- Born: 1 November 1919 Vienna, Austria
- Died: 10 September 2005 (aged 85) Cambridge, England, UK
- Citizenship: British
- Education: Trinity College, Cambridge (M.A., 1940)
- Known for: Steady State theory Sticky bead argument Bondi accretion Bondi–Hoyle–Lyttleton accretion Bondi k-calculus Bondi mass Bondi–Metzner–Sachs group Lemaître–Tolman–Bondi metric Atheism
- Awards: Gold Medal of the RAS (2001) Gold Medal of the IMA (1988) Albert Einstein Medal (1983) Guthrie Medal (1973) James Scott Prize Lectureship (1960–1963) Order of the Bath (1973) Fellow of the Royal Society (1959)
- Scientific career
- Fields: Mathematics Physical cosmology
- Workplaces: King's College London University of Cambridge
- Academic advisors: Harold Jeffreys Arthur Eddington
- Doctoral students: Felix Pirani Roger Tayler

3rd Master of Churchill College, Cambridge
- In office 1983–1990
- Preceded by: Sir William Hawthorne
- Succeeded by: Lord Broers

= Hermann Bondi =

Austrian-British mathematician and cosmologist (1919–2005)

Sir Hermann Bondi (1 November 1919 – 10 September 2005) was an Austrian-British mathematician and cosmologist.
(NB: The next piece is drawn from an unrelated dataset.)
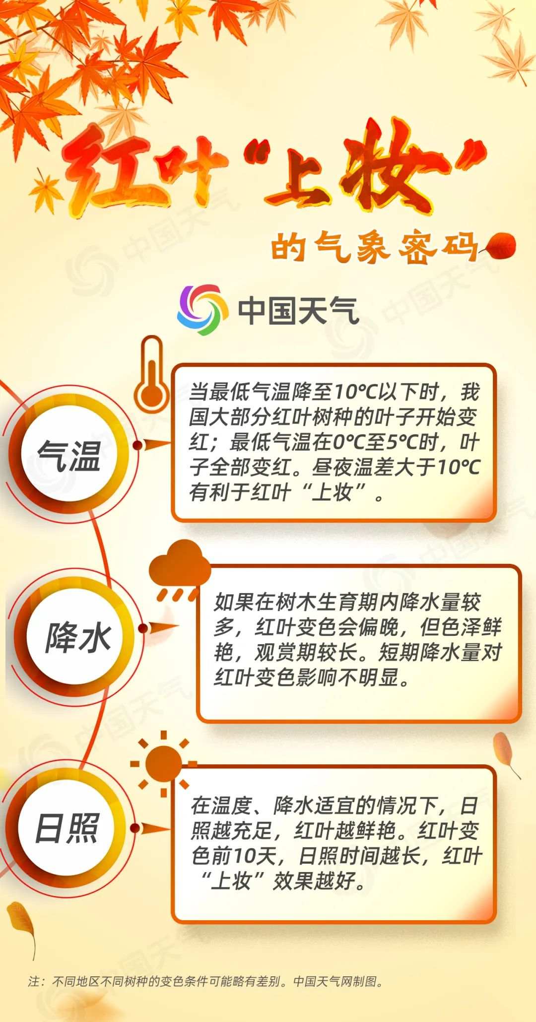 “氣溫、降水和日照,都會(hui) 直接影響紅葉‘上妝’的進程和效果。”中國天氣網氣象分析師王偉(wei) 躍表示,一般來講,當最低氣溫降至10℃以下時,我國大部分紅葉樹種的葉子就會(hui) 開始變紅;最低氣溫在0℃至5℃時,葉子會(hui) 全部變紅。此外,晝夜溫差大於(yu) 10℃也有利於(yu) 紅葉“上妝”。
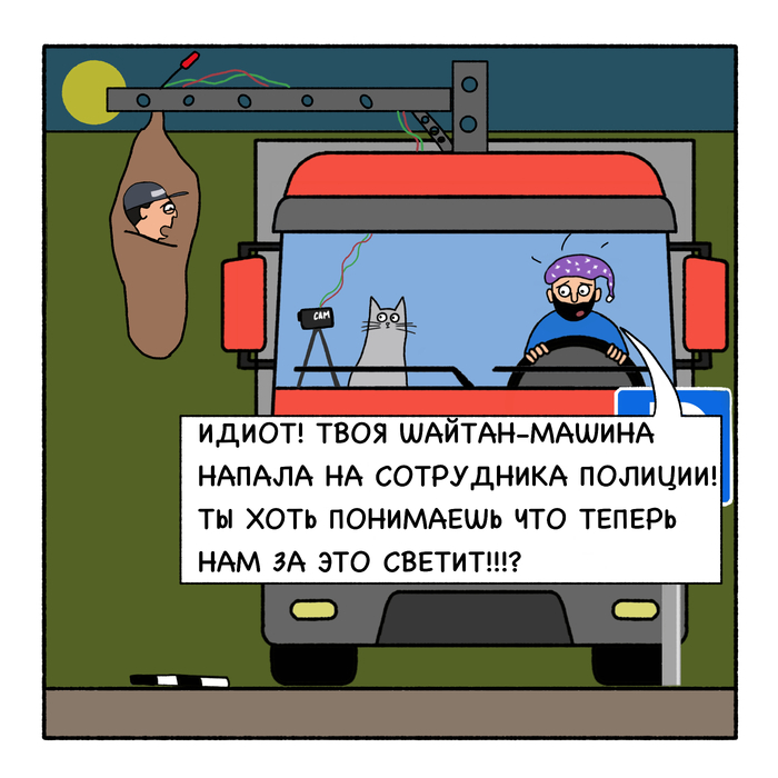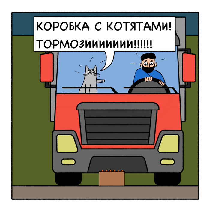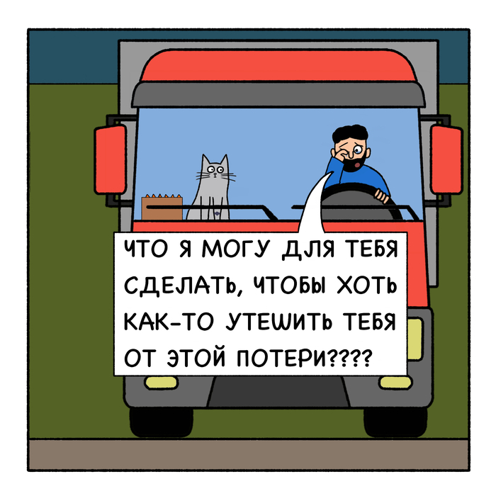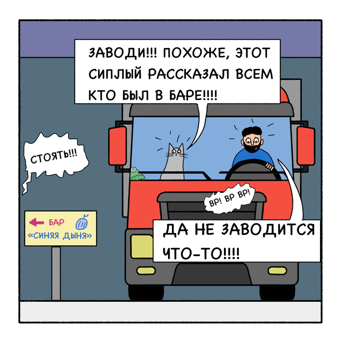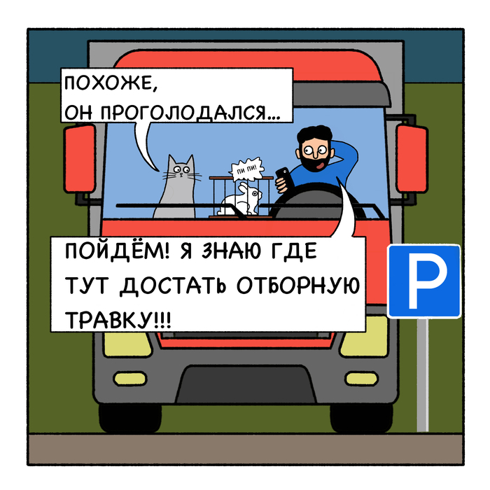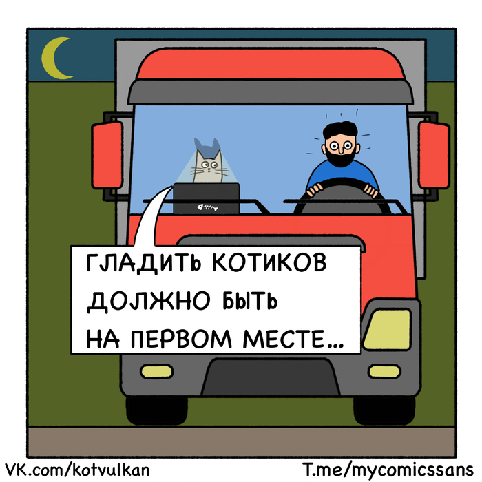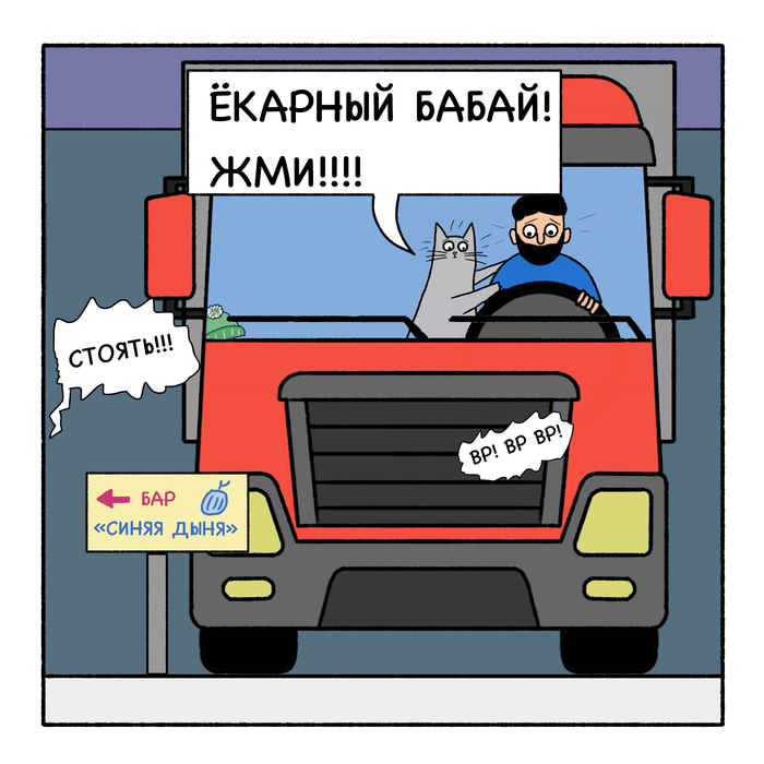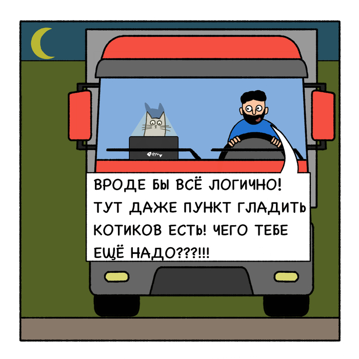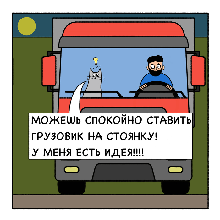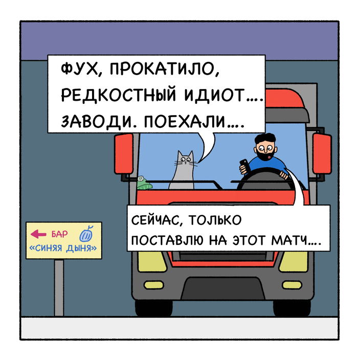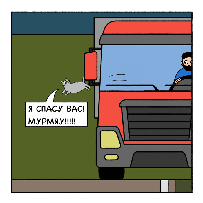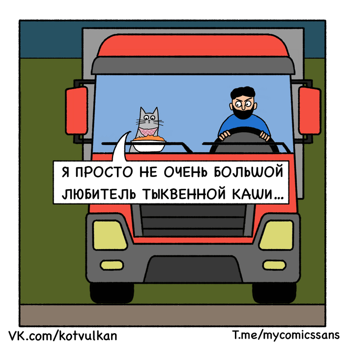 Кот Вулкан и дальнобой едут далеко-далеко. В дороге дальнобоя развлекает очень эрудированный и умный кот Вулкан.

He is best known for developing the steady state model of the universe with Fred Hoyle and Thomas Gold as an alternative to the Big Bang theory. He contributed to the theory of general relativity, and was the first to analyze the inertial and gravitational interaction of negative mass and the first to explicate correctly the nature of gravitational waves. In his 1990 autobiography, Bondi regarded the 1962 work on gravitational waves as his "best scientific work".

== Early life ==
Bondi was born in Vienna, the son of a Jewish medical doctor. He was brought up in Vienna, where he studied at the Realgymnasium. He showed early prodigious ability at mathematics, and was recommended to Arthur Eddington by Abraham Fraenkel. Fraenkel was a distant relation, the only mathematician in the extended family and Hermann's mother had the foresight to arrange a meeting between her young son and the famous man knowing that this might be the key to enabling him to follow his wishes and become a mathematician himself. Eddington encouraged him to travel to England to read the mathematical tripos at Trinity College, Cambridge. He arrived in Cambridge in 1937, escaping from antisemitism in Austria. Realizing the perilous position of his parents in 1938, shortly before the Anschluss, he sent them a telegram telling them to leave Austria at once. They managed to reach Switzerland and subsequently settled in New York.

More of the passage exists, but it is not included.